In my final year as a high school mathematics and special education teacher in Brooklyn I turned down a student’s request to forgo 45 minutes of Geometry instruction for a discussion of the previous night’s announcement of non-indictment of the police officer responsible for Michael Brown’s death (11.24.2014, Ferguson, MO). Yes – I had my reasons for rejecting his plea, reasons that other teachers tell me are entirely justified – but I am still not sure. Most immediately, it was 7:58am and I was not prepared to improvise the facilitation of a painful conversation, especially at the risk of doing so poorly. I was prepared to teach Geometry that morning, not to address questions of police violence and racial justice. Yet, this is exactly what haunts me. Not just that I was not prepared on that morning, but my classroom was not designed to be a place where I did not have to sacrifice one for the other – mathematics for meaningful events in the lives of my students – where the two were inherently intertwined. Because we live in a world where I believe they not only should be but they are. But my classroom did not always make that clear.

While I could not articulate it at the time, I often think now that my move from teaching to pursuing a PhD in Mathematics Education and Race, Inequality and Language in Education was driven in part by my increasing failure to juggle the predicament in which I found myself that morning. I did not become a teacher in order to help students achieve passing scores on the New York State Geometry Regents Exam (even while I understand that it can be an a necessary stepping stone to traditional measures of success and access). I became a teacher so that I could participate in the journeys of young people becoming critically conscious citizens prepared with the tools of change necessary for creating a world more just, inclusive, loving and equitable than the one they were brought into.
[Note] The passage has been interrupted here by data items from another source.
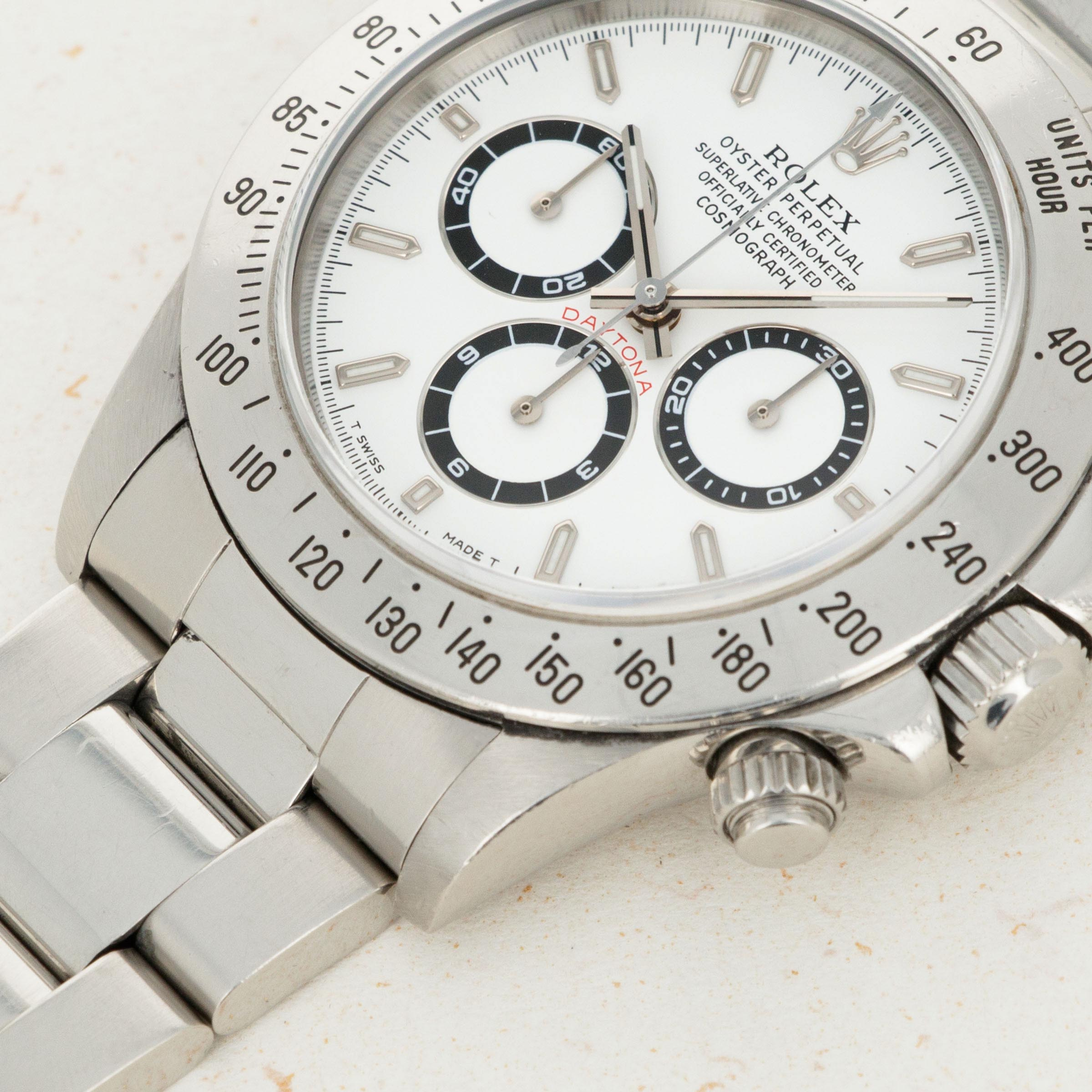 Offered with the Daytona's most sought-after dial, this example's pristine white dial is in truly stunning condition with perfect luminescent material and graphics.
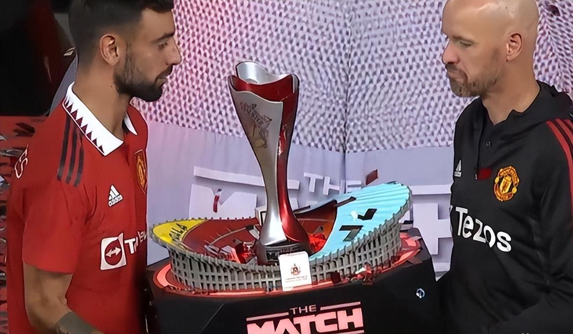 这场比赛也叫“曼谷世纪杯,赛后举行了捧杯仪式,布鲁诺-费尔南德斯和滕哈格捧杯。滕哈格上任后首秀带领曼联拿下第一个冠军,非常完美。
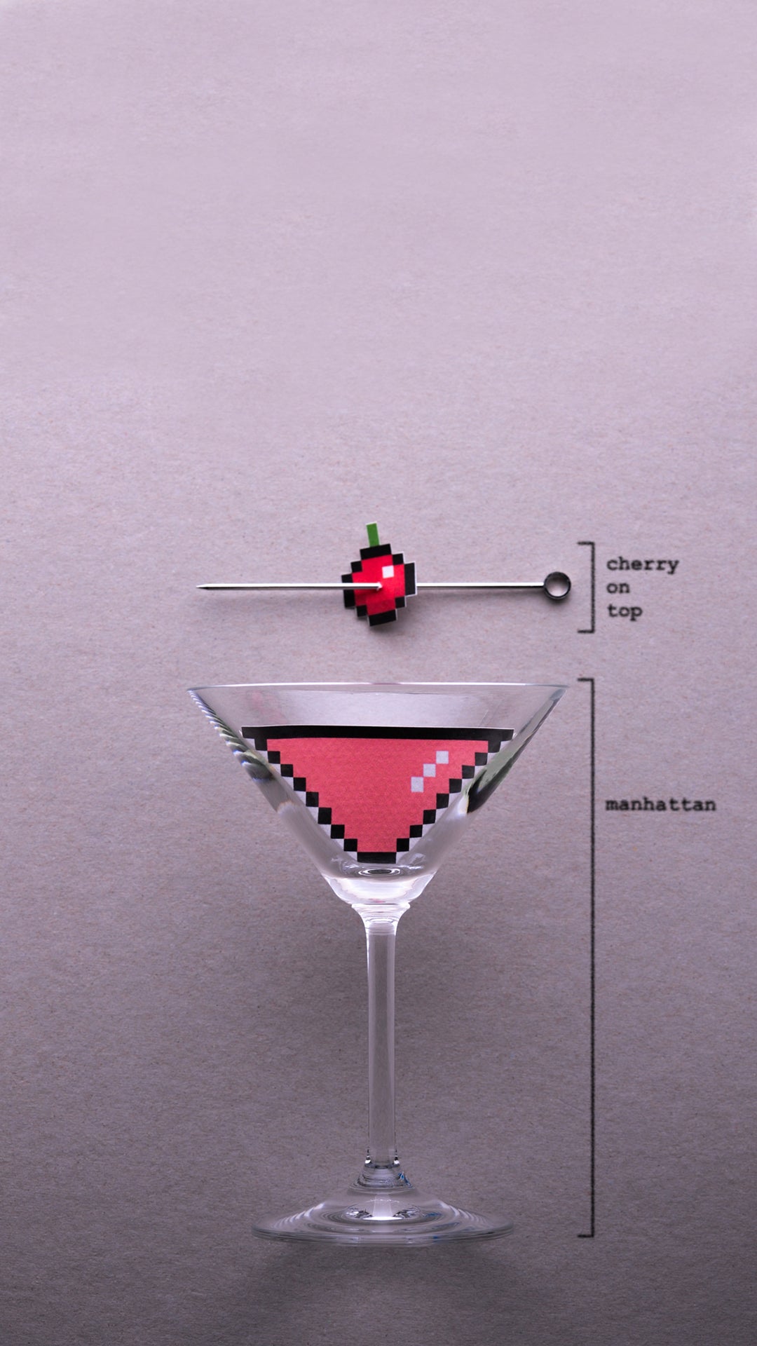 The second hand represents a cocktail pin with a pixelated Maraschino cherry which has been hand painted and assembled.
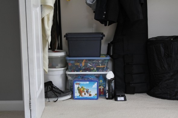 Because Joshua’s room is the largest, we’ve always stored some toys in his closet. When we put his room back together, we sorted through the toys, gave away ones that no one really loves anymore, and kept only the ones that are really timeless.

As I became a more experienced teacher I found myself moving farther away from that, rather than getting better at the weaving it together with the demands of the NYS Geometry curriculum.

Over my years teaching I taught almost every content offered in a New York City public high school – that is the nature of being a Special Educator in a city where integrated co-teaching is the norm. I always taught a little bit of everything, and a lot a bit of math. As I looked around I saw Social Studies and Literature teachers finding ways to engage the social and political project of teaching. I worked closely with one colleague teaching a 10th grade Global History and Literature course, who, like me, had training through Facing History and Ourselves, and I was filled up by that collaboration. But not only is a similarly socially and politically engaged classroom challenging to create in the context of our current mathematics education landscape, it seems the aspiration itself is in many places utterly absent. When I tell people that my graduate research looks at issues of race, inequality and language in mathematics education I often get blank stares – what could such a clearly rule-driven, neat and tidy field like mathematics possibly have to do with race or language, or social (in)justice? People scratch their heads, while I think, how could it not?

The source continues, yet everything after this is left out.